Figure 4. Pig lung with co-infection of M. hyopneumoniae and SIV. Red areas of consolidation in the cranioventral portions of the lung and some smaller areas in the diaphragmatic lobe. In these craniovental lesions, there are both lesions from M. hyopneumoniae and SIV, making it imposible to differentiate between them macroscopically.
M. hyopneumoniae also appears frequently associated with other bacteria, whether they are primary agents, such as Actinobacillus pleuropneumoniae (Figure 5), or opportunistic agents, such as Pasteurella multocida (Figure 6), enhancing their action in the lung.
Figure 5: Pig lung co-infected with M. hyopneumoniae and A. pleuropneumoniae. Cranioventral areas of consolidation with a reddish-brown color, caused by infection by M. hyopneumoniae, and an oval-shaped lesion with pleural fibrosis and hemorrhagic area in the diaphragmatic lobe, which would correspond to the chronical stage after an outbreak of necrosis caused by A. pleuropneumoniae.

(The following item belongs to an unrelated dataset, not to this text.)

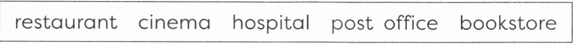 1. restaurant 2. post office 3. hospital 4. cinema 5. bookstore
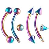 All item is exactly as shown in the picture and the item will be shipped with beautiful jewelry box or pouch at no extra cost. Number of Item(s): 4 Pieces Jewelry Types: Curved barbell Body Piercing Parts: Eyebrow Gauges: 16G(1.2mm) Length / Diameter: 3/8"(10mm) Material Colors: Rainbow

Figure 6. Pig lung co-infected with M. hyopneumoniae and P. multocida. Areas of reddish-brown cranioventral consolidation, elevated with respect to the rest of the lung parenchyma, which would be consistent with a lesion caused by P. multocida. In the cranial lobe and cranioventral margin of the caudal lobe there are reddish depressed areas of consolidation which correspond to lesions caused by M. hyopneumoniae.
As we have seen, when M. hyopneumoniae appears in co-infections together with other primary agents of PRDC, it acts boosing and prolonging the lesions caused by these pathogens, which is why its control is crucial to minimize the effects of PRDC and reduce the economic losses associated with the disease.